Work to be completed:
Apart from the images, every record below must be given again without alteration.

Data for analysis:
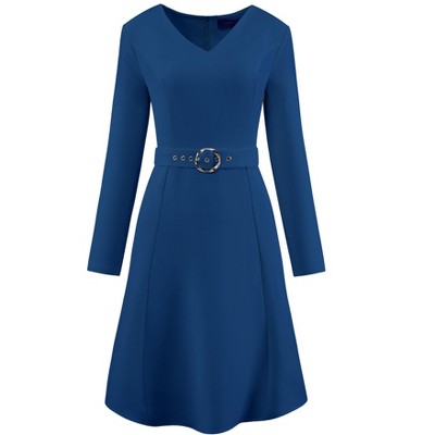 Keep your look professional and stylish in this dress from Hobemty, featuring a mock neck, long sleeve, button up, belted, button cuffs, A-Line and flare hem. Pair with high heels for an elegant office look. Focused on Ladies' Formal Wear - This dress can be a perfect addition to almost any outfit from formal to daily wear, great for work, meeting, office, businesses, work, party, cocktail, wedding, funeral, church, casual, daily dressing, etc.
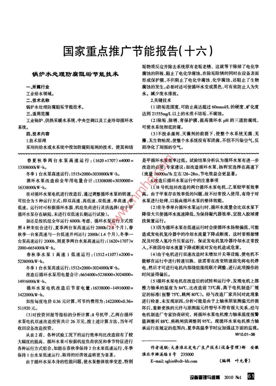 循環(huán)水泵電機雙速改造效能分析蔣勇王軍程秀芝摘要介紹循環(huán)水泵電機調(diào)速改造方案的確定、實施,改造后的試驗及效能分析.運行中應(yīng)注意的事項。關(guān)鍵詞循環(huán)水泵電機改造效能分析中國分類號TM92文獻(xiàn)標(biāo)識碼B大唐淮北發(fā)電廠8號機組投產(chǎn)于2005年8月,汽輪機為東表18 號機組循環(huán)水泵電機改造前、后數(shù)據(jù)方汽輪機廠生產(chǎn).型號為N210-12./535/535-2型,屬超高壓中額定容量/|接線方法額定電流額定轉(zhuǎn)速/間再熱三缸二排汽冷凝式機組。機組配備兩臺1400KLA-31 型kWA(r/min)循環(huán)水泵,屬立式斜流泵結(jié)構(gòu)形式。與循環(huán)水泵配套電機為改造前1700200595YLKS800-10型,額定功率1700kW ,電壓6kV ,額定電流200A。改造后170/1400200/170595/4958號機組經(jīng)過一年的運行檢驗,發(fā)現(xiàn)其所配備的循環(huán)水泵運行性能不夠理想,與循環(huán)水泵配套的單速電機在運行中轉(zhuǎn)速徽省電力科學(xué)研究院到現(xiàn)場對電機改造效果進(jìn)行試驗。試驗方恒定,運行方式單一.機組的循環(huán)水量不能根據(jù)運行工況進(jìn)行轉(zhuǎn)案中將循環(huán)水泵運行方式分為甲泵低速運行甲泵高速運行甲速調(diào)整,電能浪費嚴(yán)重.設(shè)備效率偏低.尤其是在低負(fù)荷或較冷乙泵低速并聯(lián)運行、甲乙泵高速并聯(lián)運行甲泵低速乙泵高速并季節(jié)運行時,這種狀況更加不利于提高機組的經(jīng)濟效益。為響應(yīng)聯(lián)運行、甲泵高速乙泵低速并聯(lián)運行,乙泵低速運行,乙泵高速國家“節(jié)能減排"政策,決定對循環(huán)水泵電機進(jìn)行調(diào)速改造,使之運行等8種工況進(jìn)行(見表2)。能夠根據(jù)機組運行工次調(diào)控轉(zhuǎn)速,有效提高機組經(jīng)濟效益。從表2可以看出,循環(huán)水泵電機單速改雙速運行,高速結(jié)合1.改造方案表2試驗測及計算數(shù)據(jù)匯總表(部分)目前,較為常用的改造方法有兩種,即:①加裝「水泵狀態(tài) I 電機功率AW轉(zhuǎn)速(
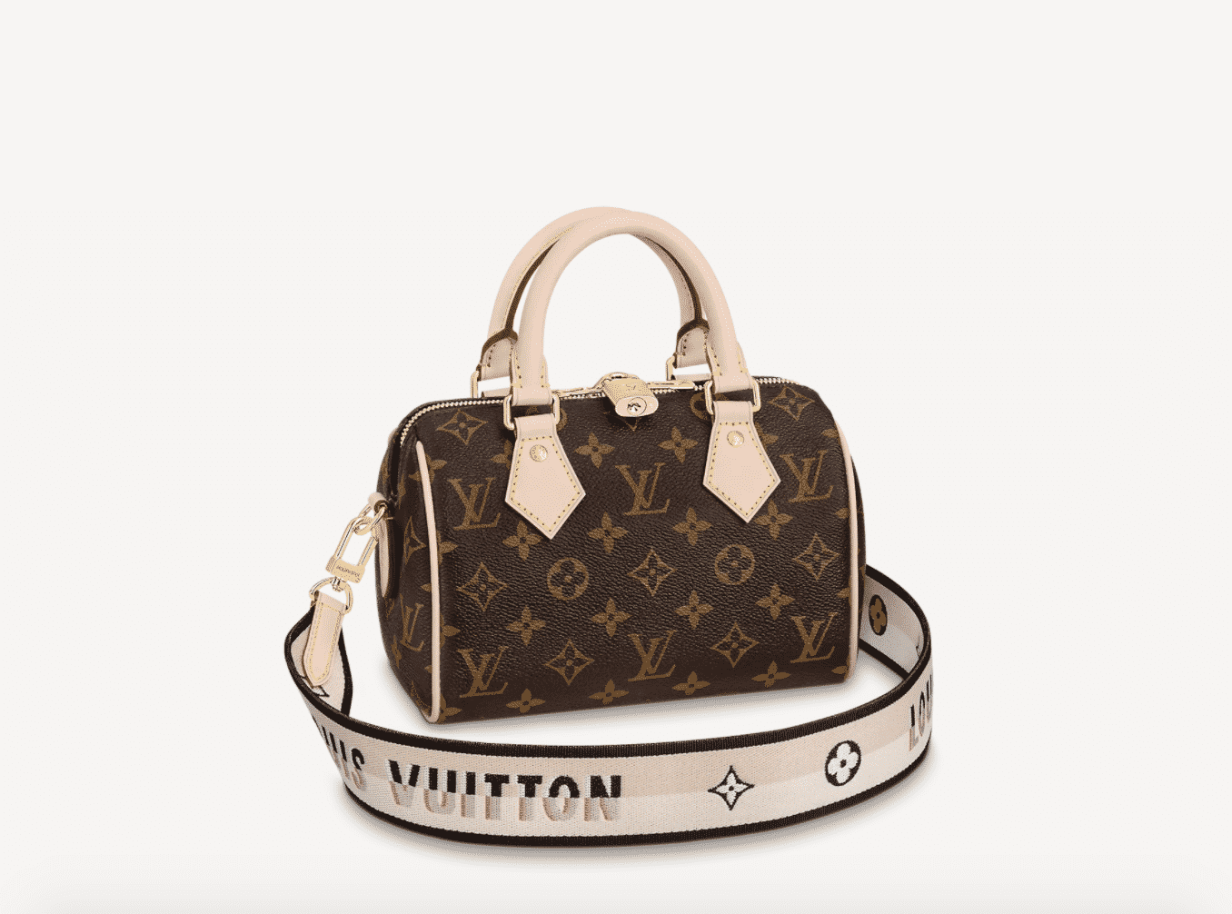 The Speedy 20 B in monogram comes with a wide detachable textile strap with a woven Louis Vuitton signature ; which makes the bag quite cool and casual, even slightly sporty.
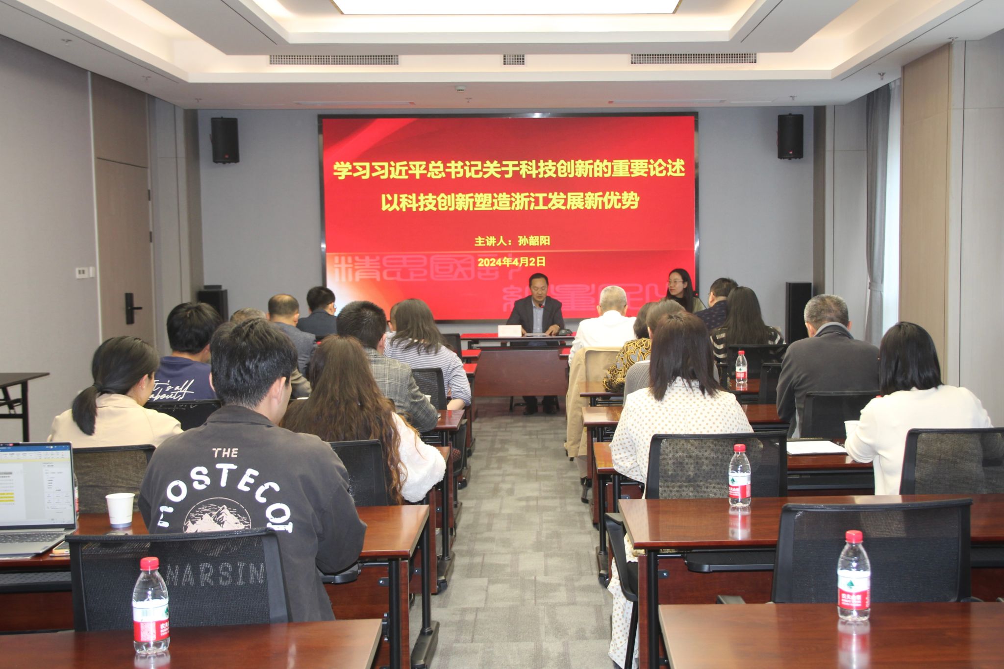 孙韶阳从我国科技创新面临的问题和挑战、习近平总书记关于科技创新的重要论述体系框架、二十大报告关于深入实施人才强国战略的相关部署等方面为大家进行了梳理,她指出要把握科技创新的新趋势与新任务,深入学习贯彻习近平总书记对于浙江科技创新的重要指示,高度重视科技创新工作,持续推动“八八战略”走深走实,在创新深化上再出实招、真招、硬招,全力实施“315”科技创新体系建设工程,打造三大科创高地升级版,加快形成世界重要人才中心和创新高地的战略支点。
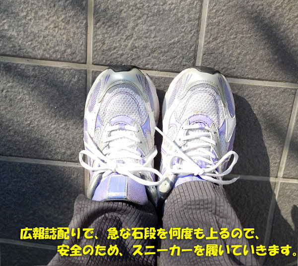 薄紫色のスニーカーをはいて、さて、出発です。
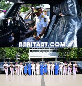 Dispen Kormar TNI Angkatan Laut (Jakarta). Panglima Korps Marinir (Pangkormar) Letnan Jenderal TNI (Mar) Dr. Endi Supardi, S.E., M.M., M.Tr.Opsla., CHRMP., CRMP., diwakili Kepala Staf Korps Marinir (Kas Kormar) Brigadir Jenderal TNI (Mar) Muhammad Nadir, M.Tr.Opsla., secara simbolis terima kunci Kendaraan Taktis (Rantis) mobil Maung dari Kepala Staf Angkatan Laut (Kasal) Laksamana TNI Dr. Muhammad Ali, S.E., M.M., M.Tr. Opsla., di depan Gedung Denma Mabesal, Cilangkap, Jakarta Timur, Selasa (26/08/2025).
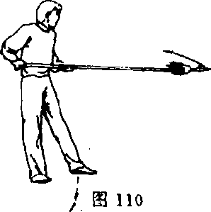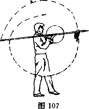 图102图102段使枪尖向右后下方运行(图段使枪尖向右后下方运行(图图106图106②左脚向前 上半步,脚尖点 地;两手持枪使 枪尖继续经上向 前绕转,右手松 开枪身,虎口转 朝把端握枪(图 106. 107)o
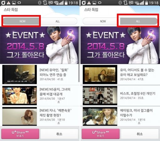 스타 독점에서는 인기 연예인 인터뷰, 공연 연습, 화보나 앨범 재킷 촬영, 일상생활 등의 동영상 콘텐츠를 보고, 이를 친구와 공유할 수 있다. 특히 여기서 볼 수 있는 동영상은 U+Share LIVE에서만 단독으로 공개하기 때문에, 팬이라면 놓치고 싶지 않은 콘텐츠다. 유아인 피아노 연주 연습, 지나 속옷 재킷 촬영 현장, 에이핑크 무대 뒷 이야기 영상 등 스타들의 또 다른 모습들을 볼 수 있다. 상단 메뉴에서 'NOW'를 선택하면 최신 동영상을 확인할 수 있다. 콘텐츠는 일주일에 한 번씩 업데이트 되며, 이전 동영상을 보려면 상단 메뉴에서 'ALL'을 선택하면 된다.

Exercise solution:
 Keep your look professional and stylish in this dress from Hobemty, featuring a mock neck, long sleeve, button up, belted, button cuffs, A-Line and flare hem. Pair with high heels for an elegant office look. Focused on Ladies' Formal Wear - This dress can be a perfect addition to almost any outfit from formal to daily wear, great for work, meeting, office, businesses, work, party, cocktail, wedding, funeral, church, casual, daily dressing, etc.
 循環(huán)水泵電機雙速改造效能分析蔣勇王軍程秀芝摘要介紹循環(huán)水泵電機調(diào)速改造方案的確定、實施,改造后的試驗及效能分析.運行中應(yīng)注意的事項。關(guān)鍵詞循環(huán)水泵電機改造效能分析中國分類號TM92文獻(xiàn)標(biāo)識碼B大唐淮北發(fā)電廠8號機組投產(chǎn)于2005年8月,汽輪機為東表18 號機組循環(huán)水泵電機改造前、后數(shù)據(jù)方汽輪機廠生產(chǎn).型號為N210-12./535/535-2型,屬超高壓中額定容量/|接線方法額定電流額定轉(zhuǎn)速/間再熱三缸二排汽冷凝式機組。機組配備兩臺1400KLA-31 型kWA(r/min)循環(huán)水泵,屬立式斜流泵結(jié)構(gòu)形式。與循環(huán)水泵配套電機為改造前1700200595YLKS800-10型,額定功率1700kW ,電壓6kV ,額定電流200A。改造后170/1400200/170595/4958號機組經(jīng)過一年的運行檢驗,發(fā)現(xiàn)其所配備的循環(huán)水泵運行性能不夠理想,與循環(huán)水泵配套的單速電機在運行中轉(zhuǎn)速徽省電力科學(xué)研究院到現(xiàn)場對電機改造效果進(jìn)行試驗。試驗方恒定,運行方式單一.機組的循環(huán)水量不能根據(jù)運行工況進(jìn)行轉(zhuǎn)案中將循環(huán)水泵運行方式分為甲泵低速運行甲泵高速運行甲速調(diào)整,電能浪費嚴(yán)重.設(shè)備效率偏低.尤其是在低負(fù)荷或較冷乙泵低速并聯(lián)運行、甲乙泵高速并聯(lián)運行甲泵低速乙泵高速并季節(jié)運行時,這種狀況更加不利于提高機組的經(jīng)濟效益。為響應(yīng)聯(lián)運行、甲泵高速乙泵低速并聯(lián)運行,乙泵低速運行,乙泵高速國家“節(jié)能減排"政策,決定對循環(huán)水泵電機進(jìn)行調(diào)速改造,使之運行等8種工況進(jìn)行(見表2)。能夠根據(jù)機組運行工次調(diào)控轉(zhuǎn)速,有效提高機組經(jīng)濟效益。從表2可以看出,循環(huán)水泵電機單速改雙速運行,高速結(jié)合1.改造方案表2試驗測及計算數(shù)據(jù)匯總表(部分)目前,較為常用的改造方法有兩種,即:①加裝「水泵狀態(tài) I 電機功率AW轉(zhuǎn)速(
 The Speedy 20 B in monogram comes with a wide detachable textile strap with a woven Louis Vuitton signature ; which makes the bag quite cool and casual, even slightly sporty.
 孙韶阳从我国科技创新面临的问题和挑战、习近平总书记关于科技创新的重要论述体系框架、二十大报告关于深入实施人才强国战略的相关部署等方面为大家进行了梳理,她指出要把握科技创新的新趋势与新任务,深入学习贯彻习近平总书记对于浙江科技创新的重要指示,高度重视科技创新工作,持续推动“八八战略”走深走实,在创新深化上再出实招、真招、硬招,全力实施“315”科技创新体系建设工程,打造三大科创高地升级版,加快形成世界重要人才中心和创新高地的战略支点。
 薄紫色のスニーカーをはいて、さて、出発です。
 Dispen Kormar TNI Angkatan Laut (Jakarta). Panglima Korps Marinir (Pangkormar) Letnan Jenderal TNI (Mar) Dr. Endi Supardi, S.E., M.M., M.Tr.Opsla., CHRMP., CRMP., diwakili Kepala Staf Korps Marinir (Kas Kormar) Brigadir Jenderal TNI (Mar) Muhammad Nadir, M.Tr.Opsla., secara simbolis terima kunci Kendaraan Taktis (Rantis) mobil Maung dari Kepala Staf Angkatan Laut (Kasal) Laksamana TNI Dr. Muhammad Ali, S.E., M.M., M.Tr. Opsla., di depan Gedung Denma Mabesal, Cilangkap, Jakarta Timur, Selasa (26/08/2025).
 图102图102段使枪尖向右后下方运行(图段使枪尖向右后下方运行(图图106图106②左脚向前 上半步,脚尖点 地;两手持枪使 枪尖继续经上向 前绕转,右手松 开枪身,虎口转 朝把端握枪(图 106. 107)o
 스타 독점에서는 인기 연예인 인터뷰, 공연 연습, 화보나 앨범 재킷 촬영, 일상생활 등의 동영상 콘텐츠를 보고, 이를 친구와 공유할 수 있다. 특히 여기서 볼 수 있는 동영상은 U+Share LIVE에서만 단독으로 공개하기 때문에, 팬이라면 놓치고 싶지 않은 콘텐츠다. 유아인 피아노 연주 연습, 지나 속옷 재킷 촬영 현장, 에이핑크 무대 뒷 이야기 영상 등 스타들의 또 다른 모습들을 볼 수 있다. 상단 메뉴에서 'NOW'를 선택하면 최신 동영상을 확인할 수 있다. 콘텐츠는 일주일에 한 번씩 업데이트 되며, 이전 동영상을 보려면 상단 메뉴에서 'ALL'을 선택하면 된다.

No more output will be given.